#### [Required work]
An exact copy of the data is needed, one that excludes all pictures.

#### [Information provided]

==================================================

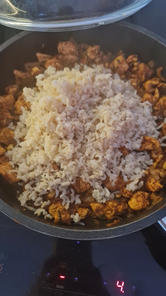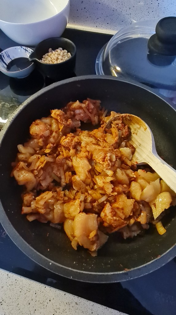 През това време загрейте половината от зехтина на средна степен на котлона и задушете лука за 3 – 4 минути. Добавете подправките и разбъркайте много добре. Гответе още 3 – 4 минути и добавете пресования чесън. Разбъркайте и добавете доматеното пюре и пилето. Гответе 5 – 7 като разбърквате.
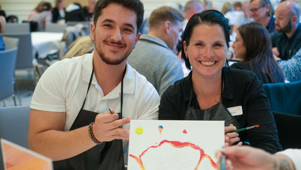 "Wir versprühen Lebensfreude" so lautete das Motto unseres alljährlichen Führungsforums in 2025 mit den Leitungsteams aller ProCurand Standorte. Gemeinsam wurde das Motto in insgesamt 40 kleinen Kunstwerken - mit viel Spaß - zum Leben erweckt. Mit dieser Aktion gaben wir den Startschuss für unser neuestes Projekt: ProCurand Lebensfreude können nun alle schnuppern! Feine Noten von Blutorange, Grüner Apfel, Minze und anderen empfangen künftig alle unsere Besucher*innen in den Eingangsbereichen unserer Residenzen. Es ist ein frischer, leichter Duft geworden, der gemeinsam mit der Parfümerie Frau Tonis aus Berlin entwickelt wurde. Diese Duftmischung passt perfekt zu uns und unserer Lebensfreude.
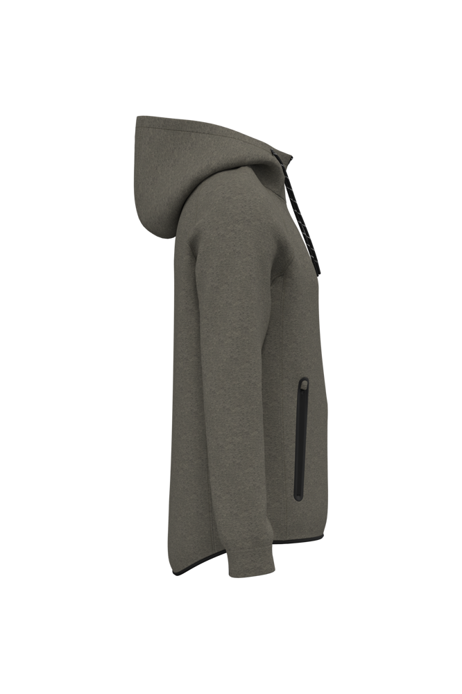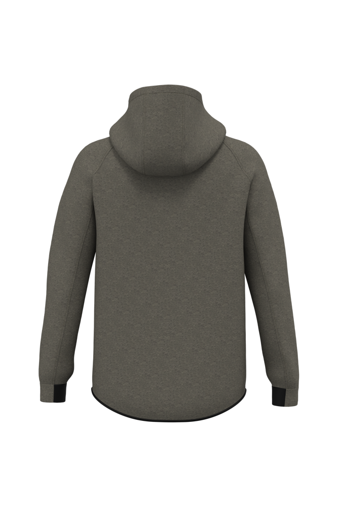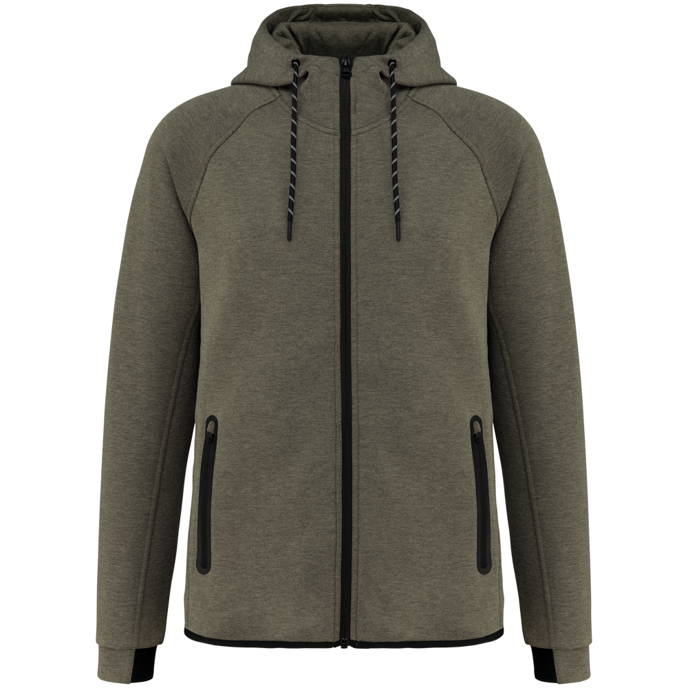 94% Polyester/ 6% Elasthan (Melierte Farben : 79 % Polyester/ 15 % Viskose/ 6 % Elasthan). Besonders bequemes Material. Reißverschluss. 2 geschweißte Reißverschlusstaschen vorne. Kapuze mit Jerseyfutter aus 65% Polyester/ 35% Viskose mit zweifarbigem Kordelzug mit Kunststoffkappen an den Enden. Schmale Ärmelbündchen mit kontrastfarbenem Elastikeinsatz. Kontrastfarbenes Schrägband am Saum. Black auf allen Farben und Dark Grey auf der Ash Heather (auch Verschlüsse).

==================================================

#### [Your response]
 През това време загрейте половината от зехтина на средна степен на котлона и задушете лука за 3 – 4 минути. Добавете подправките и разбъркайте много добре. Гответе още 3 – 4 минути и добавете пресования чесън. Разбъркайте и добавете доматеното пюре и пилето. Гответе 5 – 7 като разбърквате.
 "Wir versprühen Lebensfreude" so lautete das Motto unseres alljährlichen Führungsforums in 2025 mit den Leitungsteams aller ProCurand Standorte. Gemeinsam wurde das Motto in insgesamt 40 kleinen Kunstwerken - mit viel Spaß - zum Leben erweckt. Mit dieser Aktion gaben wir den Startschuss für unser neuestes Projekt: ProCurand Lebensfreude können nun alle schnuppern! Feine Noten von Blutorange, Grüner Apfel, Minze und anderen empfangen künftig alle unsere Besucher*innen in den Eingangsbereichen unserer Residenzen. Es ist ein frischer, leichter Duft geworden, der gemeinsam mit der Parfümerie Frau Tonis aus Berlin entwickelt wurde. Diese Duftmischung passt perfekt zu uns und unserer Lebensfreude.
 94% Polyester/ 6% Elasthan (Melierte Farben : 79 % Polyester/ 15 % Viskose/ 6 % Elasthan). Besonders bequemes Material. Reißverschluss. 2 geschweißte Reißverschlusstaschen vorne. Kapuze mit Jerseyfutter aus 65% Polyester/ 35% Viskose mit zweifarbigem Kordelzug mit Kunststoffkappen an den Enden. Schmale Ärmelbündchen mit kontrastfarbenem Elastikeinsatz. Kontrastfarbenes Schrägband am Saum. Black auf allen Farben und Dark Grey auf der Ash Heather (auch Verschlüsse).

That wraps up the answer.